Still plugging away at the #dropm78. I’m only twelve days behind.
Day Twenty One. November 4th. Seven of Wands.
Definition: Sasha Graham says sevens represent mystery. Yeah, I think it’s pretty clear at this point her numerological themes were not ones that were guiding Pamela when she was drawing the cards. Waite says the Seven of Wands represents valor, being assailed and outnumbered, and positional advantage.
Detail: What is the Elsewhere Tarot presenting?
A top-down view of a desk, with a loose manuscript on it, seven pens arrayed, and a cup of coffee. No computer. Hmm. Pens as wands. Writing as the medium of purpose and desire. This is the “Elsewhere” tarot. It’s about worlds. Pens as a tool of making worlds. The loose manuscript isn’t something being read. It’s something being worked on. Words as a tool of making worlds.
Day: I very much resonate with the idea of words as the essence of what makes worlds. The words as I play journaling games make the real imaginal worlds of the experiences I have in them and things I do.
Discovery: What’s on Pamela’s Seven of Wands? A dude backed against the edge of a precipice, defending himself with his living wand against six living wands with unseen wielders coming at him. Pamela’s Seven of Pentacles shows a farmer with a bumper crop, and I wrote about his body language and facial expression showing his weariness and self-doubt about how he’d traded his time and work for the crop. Does the guy here on the Seven of Wands also look doubtful? He certainly looks concerned, and defensive. Is the guy on the Seven of Pentacles right to doubt? Yes. Is this guy on the Seven of Wands right to doubt? Yes. He’s up against a precipice, and outnumbered.

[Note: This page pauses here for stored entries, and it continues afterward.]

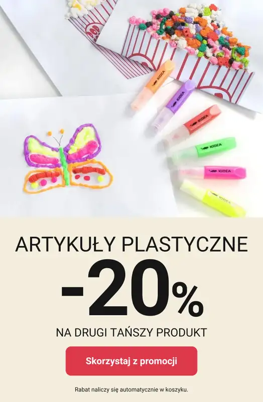 Obejrzyj najnowszą gazetkę sieci Smyk, Artykuły plastyczne -20% na DRUGI PRODUKT, obowiązującą od 16 lutego do 23 lutego. Ta aktualna gazetka Smyk zawiera wiele wspaniałych promocji na różnego rodzaju produkty.
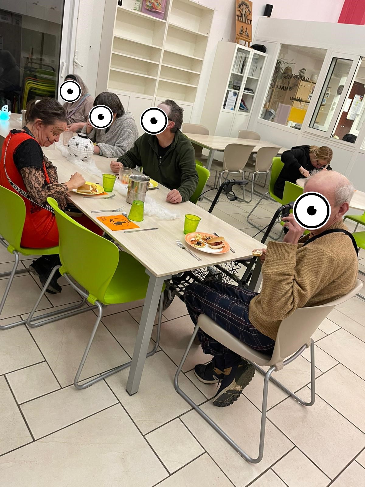 Un décor d’épouvante, a accueilli les convives dans une ambiance à la fois amusante et frissonnante. Toiles d’araignée, fantômes, citrouille… ont envahi l’espace, créant une atmosphère festive et immersive. Chaque détail a été pensé pour plonger les résidents dans l’esprit d’Halloween.
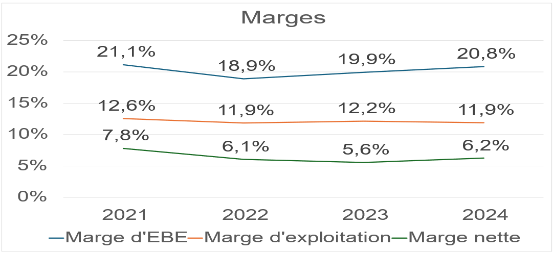 Espagne SA (nom que nous avons donné à l’agrégation des entreprises…) affiche une marge d’EBE d’environ 20 % et une marge d’exploitation d’environ 12 %, toutes deux relativement stables sur la période :
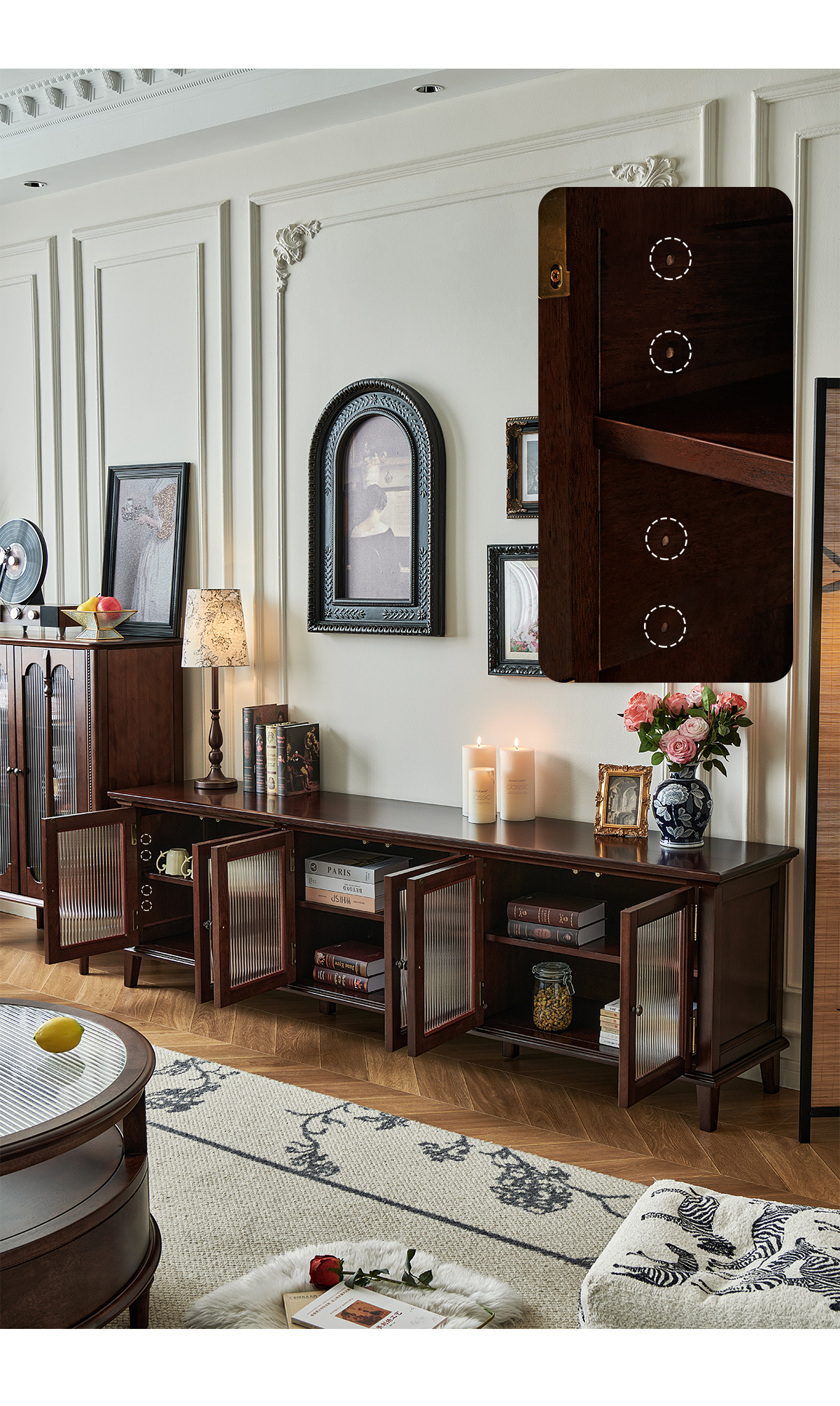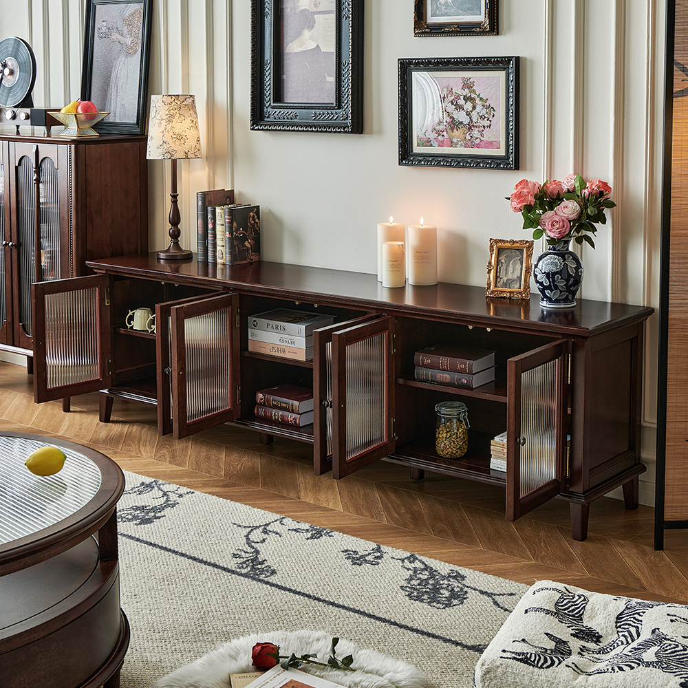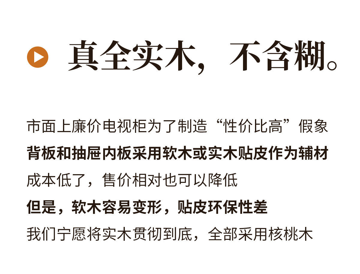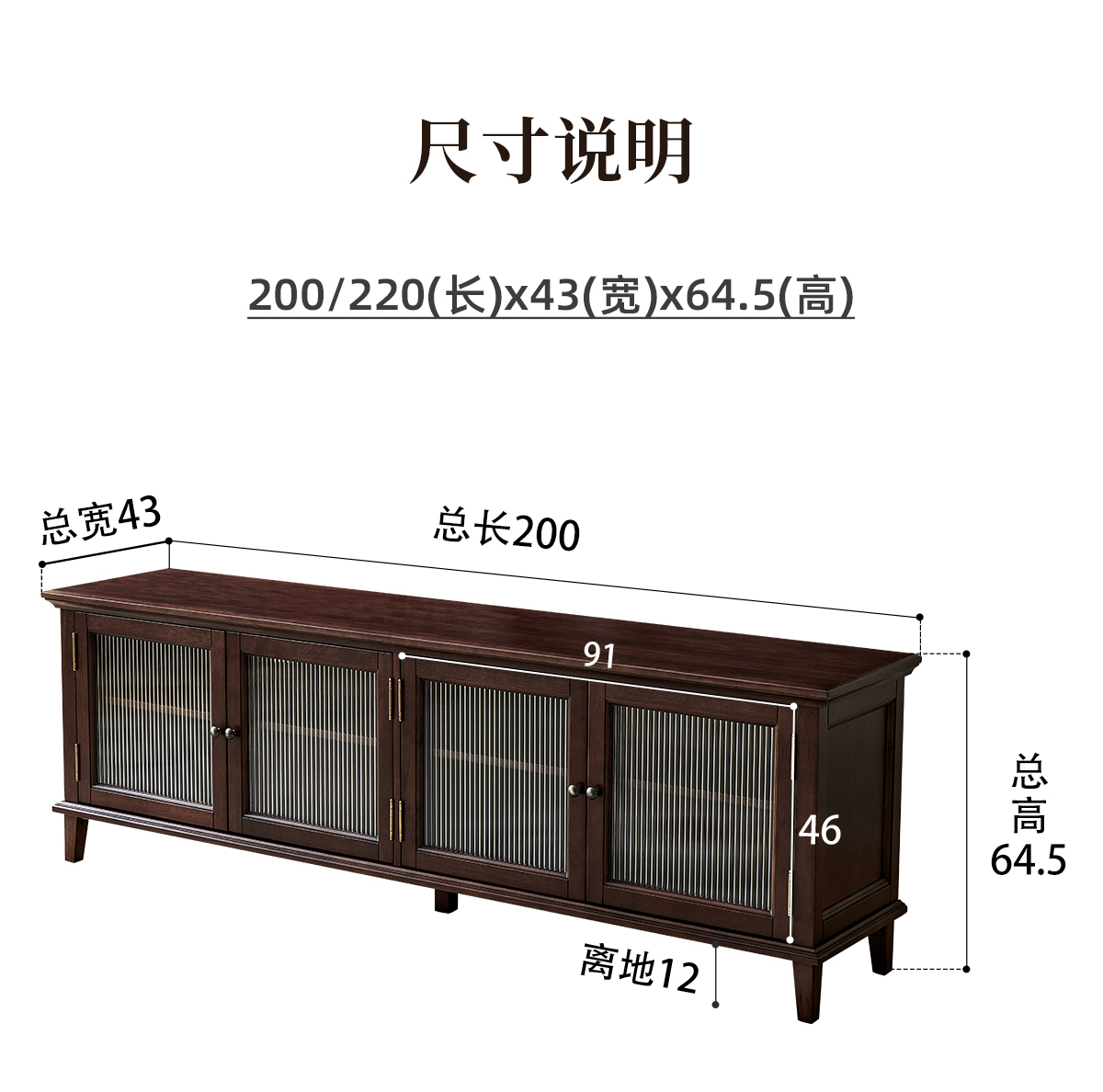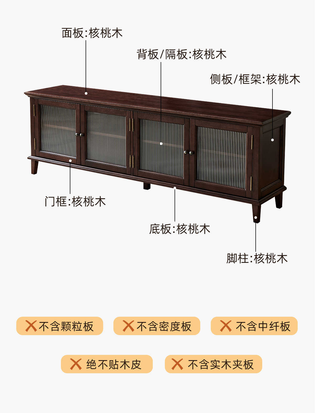2米四门电视柜 胡桃色 纯原木无贴皮

I really don’t see how the RWS Seven of Pentacles means valor, vantage, and success like Waite says. I don’t get that vibe from it at all. Card after card it feels like he’s imposing some meaning that suits him on something Pamela drew with a different assertion.
I am coming to think of the cards as barriers. The self-doubt of the farmer on the Seven of Pentacles is a barrier. It’s keeping him trapped in the activity of farming and selling, the commodification of his time, rather than the pursuit of his truer purpose (whatever it might be) that he feels. The situation of the dude on the Seven of Wands is a barrier. He is on his own, and opposed by a cohort with their own living wands.
Is this the progression of the Minor Arcana? The suits are things we need to cohere in ourselves to attain who we should be, and the cards are barriers that may oppose us on the way. It’s brilliant by Pamela, if so. I’m eager to see how it plays out.
There are no barriers outside of the temporal world. Time. Death. Cycles. Cohering the suits in ourselves is attaining who we should be and transcending the barriers.